# Assignment:
Return exactly the run of lines that begins at the line containing "Bestel dan nu" and ends at the last line of the material below; pictures stay out.

# Data for review:
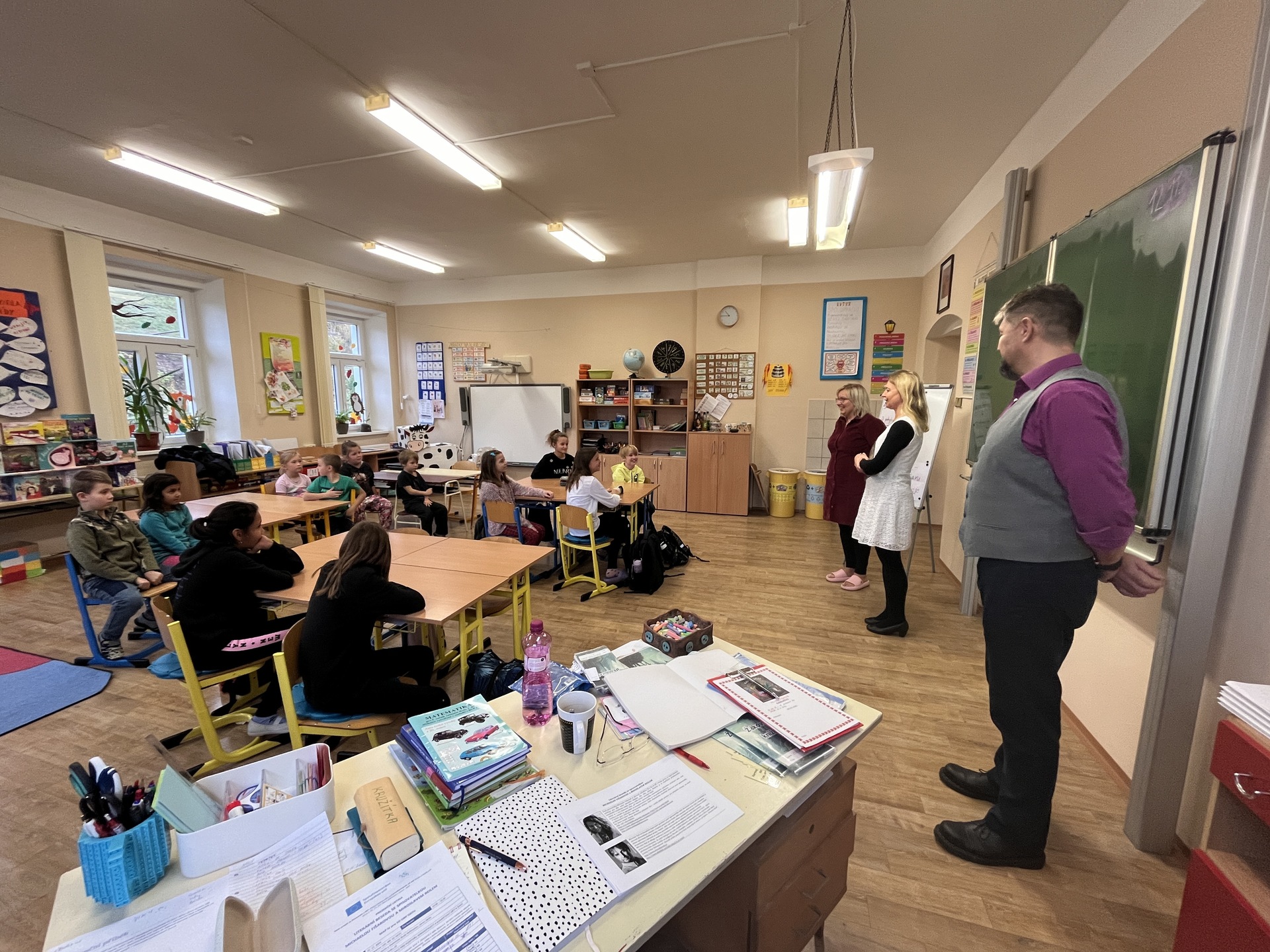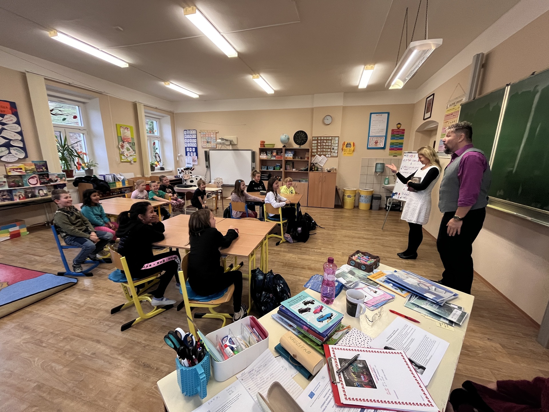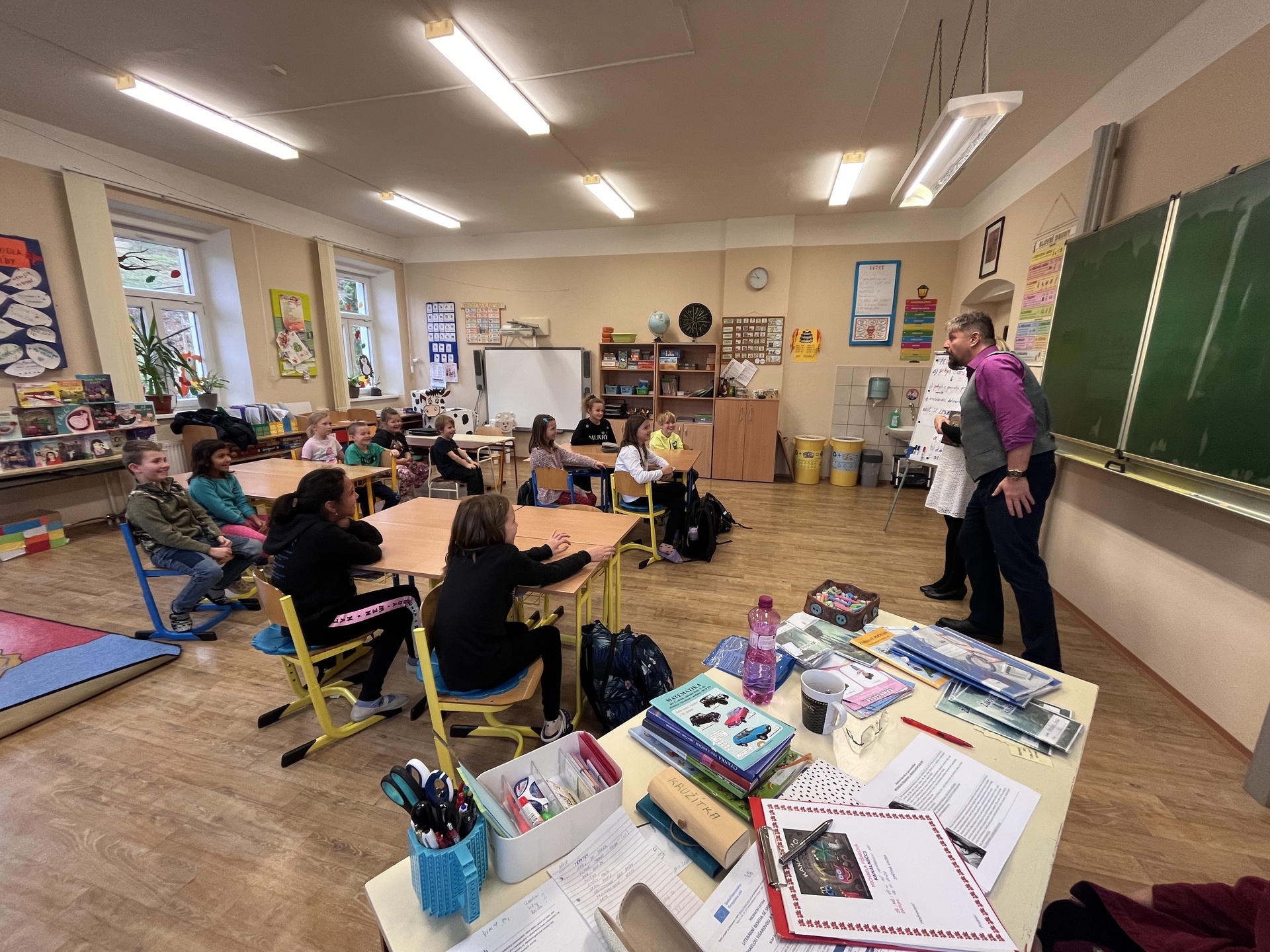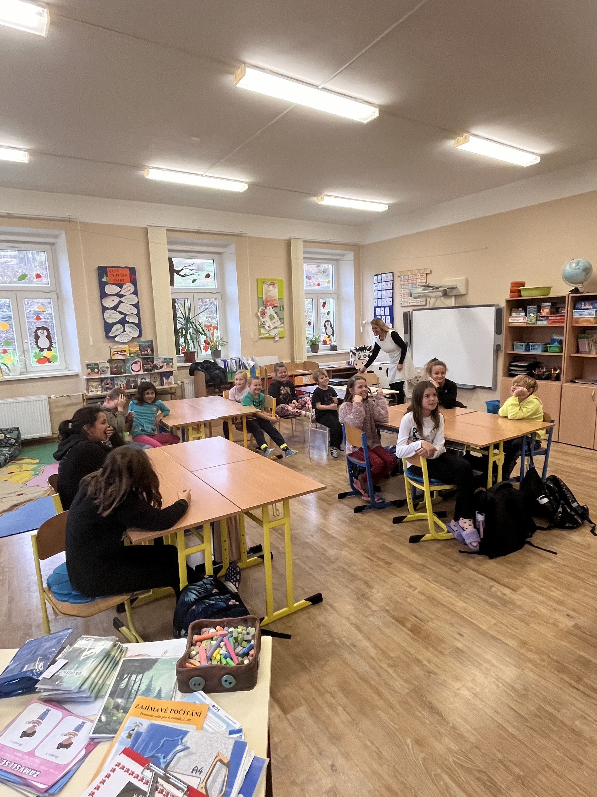 V úterý 12.11. jsme navázali na komiksovou dílnu dalším zážitkem, a to setkáním s autorkou knih pro děti Michaelou Fišarovou. Paní Fišarová má v tuto chvíli vydaných 18 knih pro děti a na dalších aktuálně pracuje. S paní autorkou přijel herec Miroslav Reil, který nám přehrál jednu kapitolu z knihy Kanálníčci- strašidla z podzemí. Představení bylo velmi zábavné a celá beseda velmi inspirující.
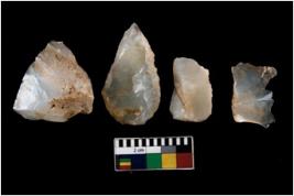 | Description / विवरण | There are n 4 ; worked utilized flakes; there are multidirectional irregular scar pattern on both dorsal and ventral face of the flakes. One of them is tapering at one end with a point. All are having sharp edges. |
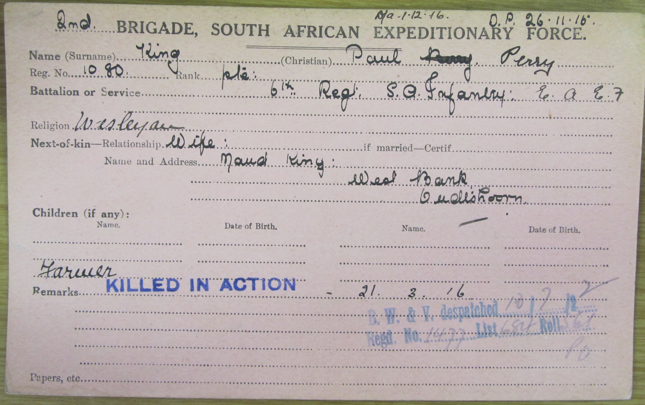 Son of John Tregunno and Hester Magdalena King, of West Bank, Oudtshoorn. Husband of Maud Lillian King, of West Bank, Oudtshoorn. Born Oudtshoorn, Cape Province. A farmer.
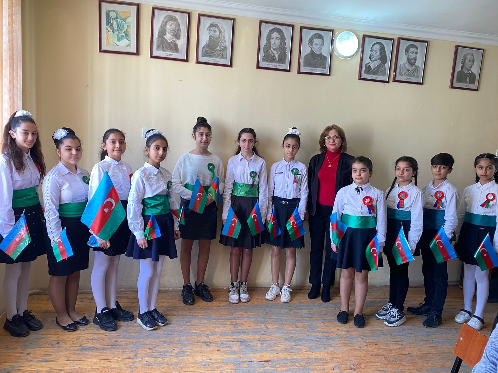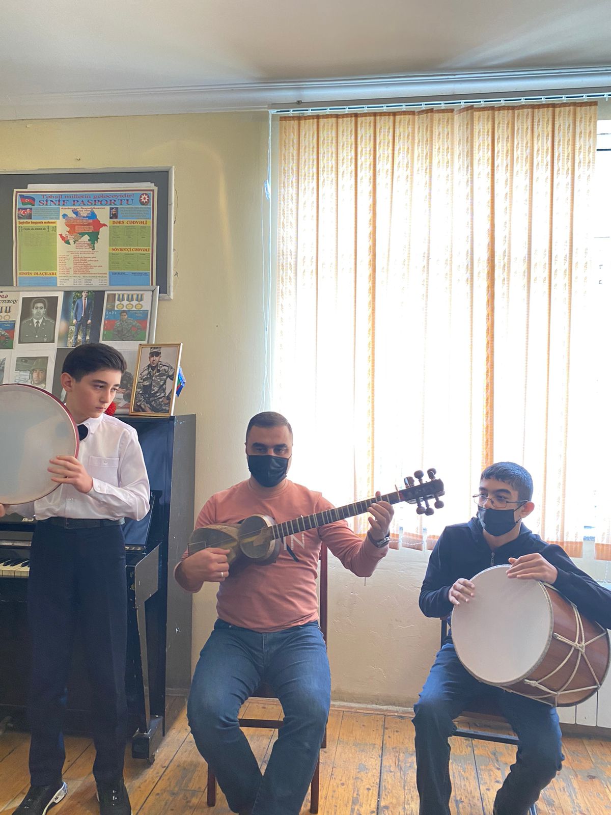 Sonra məktəbin müəllim və şagird heyəti də çıxış edərək, zəfər sevincini bölüşüblər. Daha sonra məktəbin şagird və müəllimlərinin İfasında “Azərbaycanım”, “Qarabağ”, “Azərbaycan oğluyam” “Simayi-şəms” zərb-muğamı səsləndirilib.
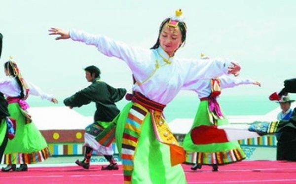 23日一早,海南州各族群众身着节日盛装,手捧哈达,聚集在青海湖畔的起跑仪式现场。他们载歌载舞,喜迎奥运圣火的到来。来自海南州歌舞团的藏族青年多布杰告诉记者,他们已经排练了1个多月,就是为了以优美的舞姿迎接奥运圣火的到来。他说:“奥运圣火来到海南州,来到美丽的青海湖畔,是海南州人民的骄傲。我们要为奥运圣火加油,为奥运加油!”
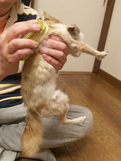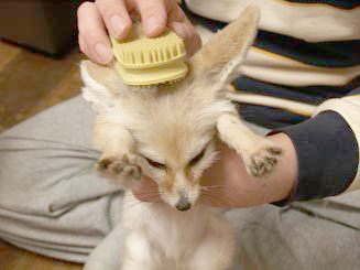 | ブラッシングがキライなフェネックが多いのですが フジコは好きみたいです。 |
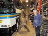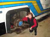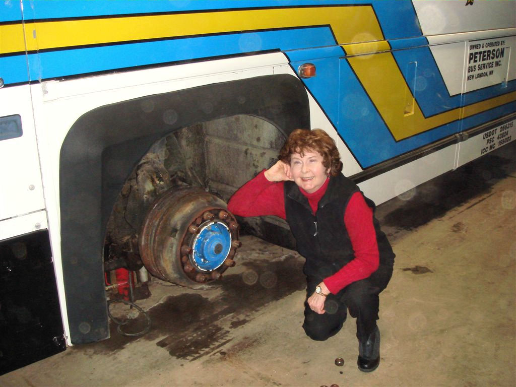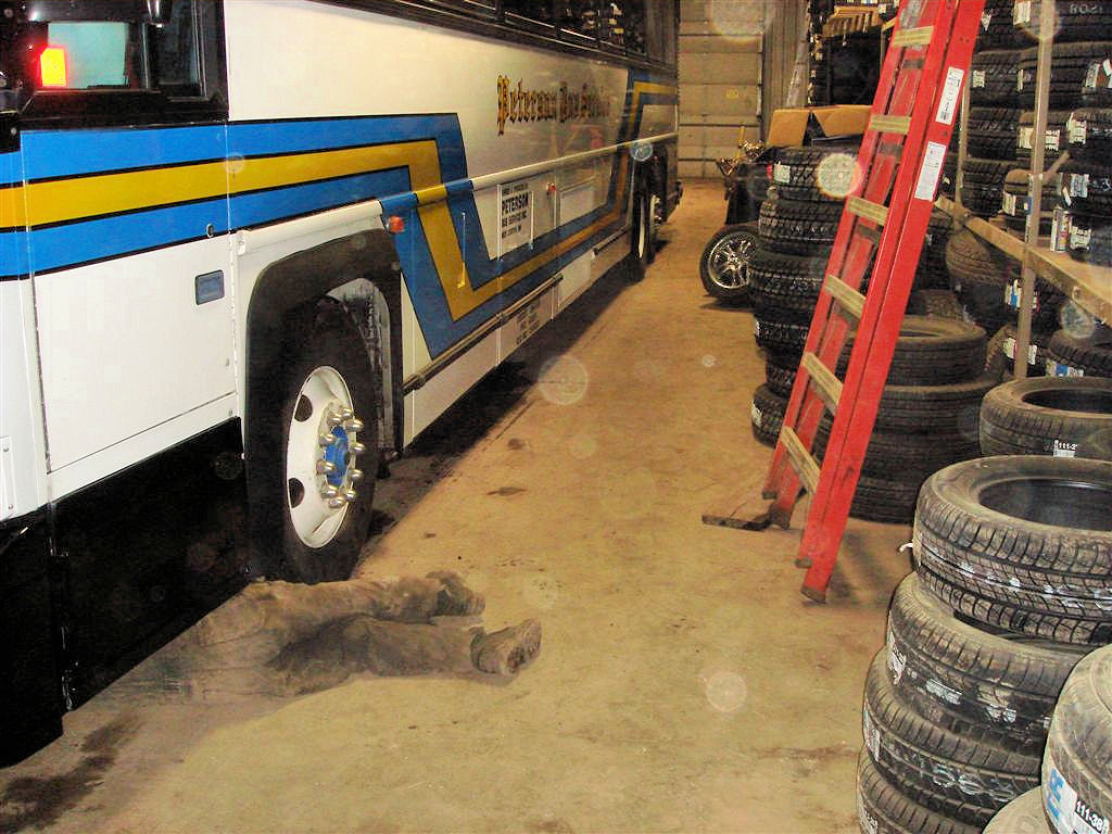 Our bus trip up on Friday Eve gave us a first, in having to make a stop to repair a tire. The bus tire had a slow leak. We made a couple stops for air, but before we were heading into the barron country north of Clouquet, the driver decided it was safest to have it repaired. I had never been in a Bus Tire Repair
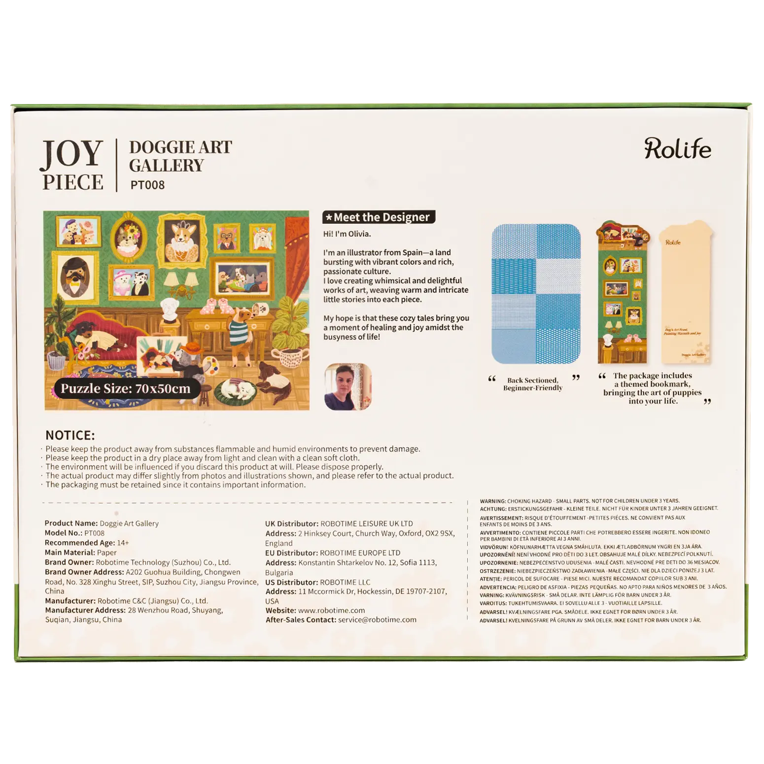 Bestel dan nu jouw Rolife Doggie Art Gallery puzzel en geniet van een creatief avontuur vol humor en stijl. Perfect voor puzzelaars die houden van kunstzinnige details en een uitdagende legpuzzel!
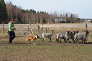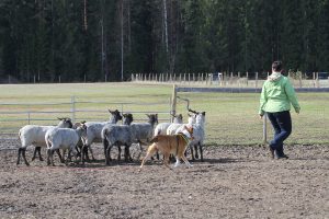 Eihän se edelleenkään lampaista kauheasti intoile, mutta toisaalta on niin kiltti että sen sai jälleen päästää jo ensimmäisellä yrityksellä vapaaksi liinasta. Meillä oli kouluttajan sanoin ”positiivinen hallintaongelma,” sillä Tenhon tarjosi kovasti seuraamista tuolla lampailla kun ei tiennyt mitä pitäisi tai saisi tehdä. Se ei halunnut jättää minua yksin lampaiden lähellä, vähän välillä pääsin pakoon ettei ihan kylkikyljessä kokoajan kävelty.
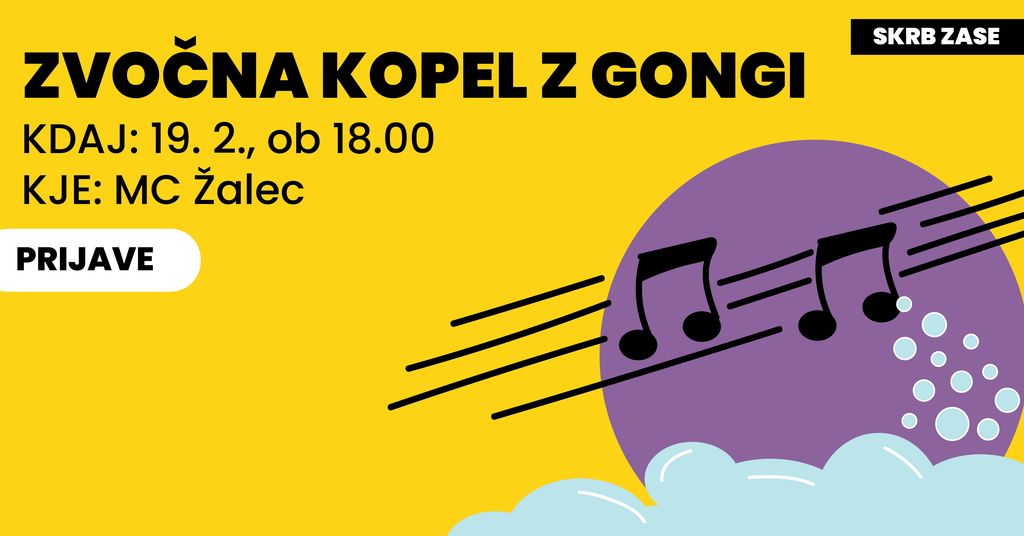 Zvočna kopel z gongi je namenjena osebam starejšim od 15 let. Število mest je omejeno na 20 udeležencev.
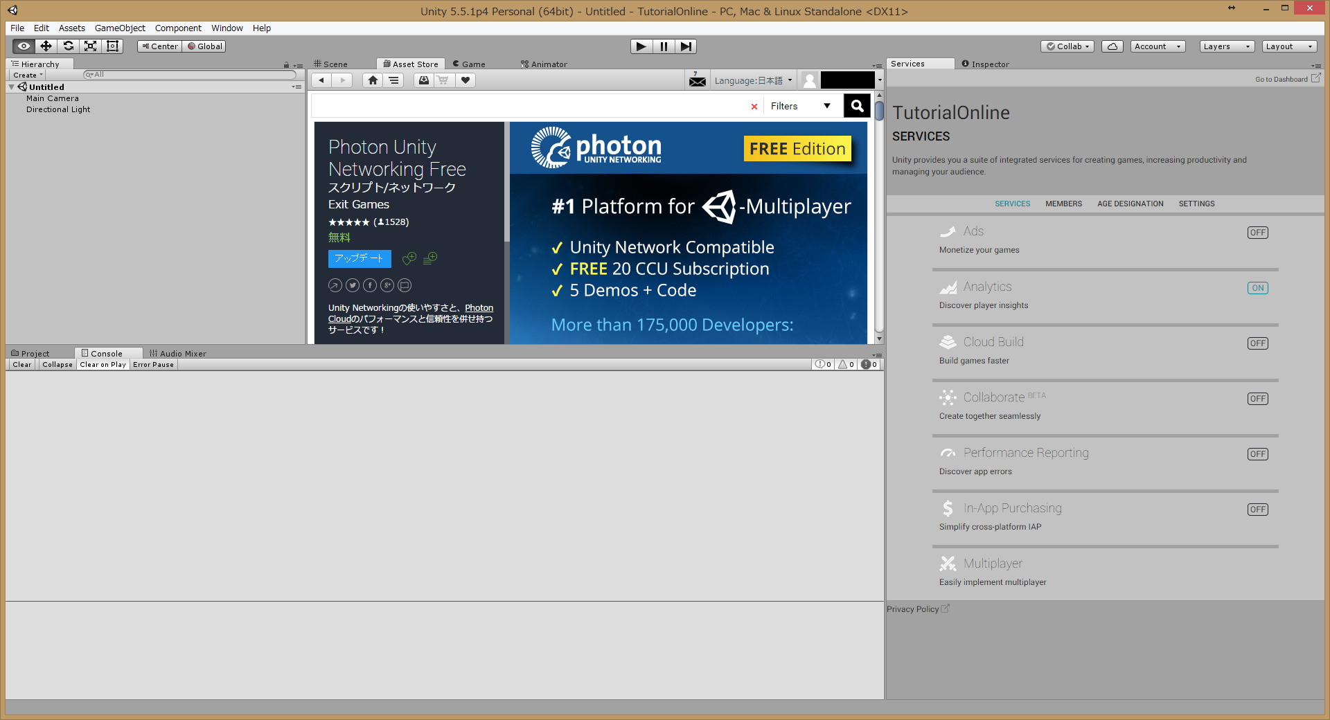 - Asset Storeの検索欄にPhoton Unity Networkingと入力し、検索します。
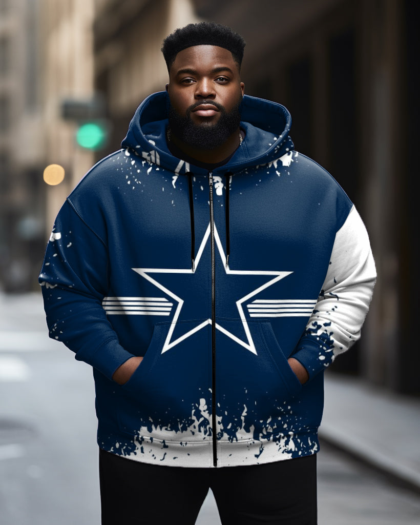 Want to stay cozy and stylish this fall and winter? look at this blue zip-up hoodie! Featuring a unique mix of star prints, stripes, and paint-splatter details, it brings a bold yet playful touch to your wardrobe. With both style and functionality, this hoodie delivers various possibilities to you.
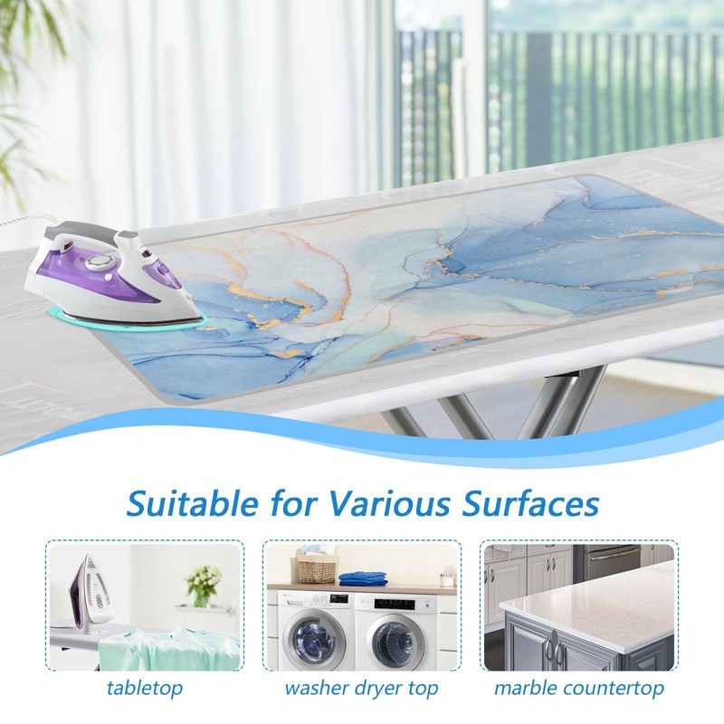 Blue Marble Pattern Homes Ironing Mat/Pad (Large 47 x 28 inch) with 3mm Padding & Silicone Iron Rest for Steam Pressing on Tabletop or Bed - Heat Resistant, Portable, Quilting & Travel Blanket

# Answer to this exercise:
 Bestel dan nu jouw Rolife Doggie Art Gallery puzzel en geniet van een creatief avontuur vol humor en stijl. Perfect voor puzzelaars die houden van kunstzinnige details en een uitdagende legpuzzel!
 Eihän se edelleenkään lampaista kauheasti intoile, mutta toisaalta on niin kiltti että sen sai jälleen päästää jo ensimmäisellä yrityksellä vapaaksi liinasta. Meillä oli kouluttajan sanoin ”positiivinen hallintaongelma,” sillä Tenhon tarjosi kovasti seuraamista tuolla lampailla kun ei tiennyt mitä pitäisi tai saisi tehdä. Se ei halunnut jättää minua yksin lampaiden lähellä, vähän välillä pääsin pakoon ettei ihan kylkikyljessä kokoajan kävelty.
 Zvočna kopel z gongi je namenjena osebam starejšim od 15 let. Število mest je omejeno na 20 udeležencev.
 - Asset Storeの検索欄にPhoton Unity Networkingと入力し、検索します。
 Want to stay cozy and stylish this fall and winter? look at this blue zip-up hoodie! Featuring a unique mix of star prints, stripes, and paint-splatter details, it brings a bold yet playful touch to your wardrobe. With both style and functionality, this hoodie delivers various possibilities to you.
 Blue Marble Pattern Homes Ironing Mat/Pad (Large 47 x 28 inch) with 3mm Padding & Silicone Iron Rest for Steam Pressing on Tabletop or Bed - Heat Resistant, Portable, Quilting & Travel Blanket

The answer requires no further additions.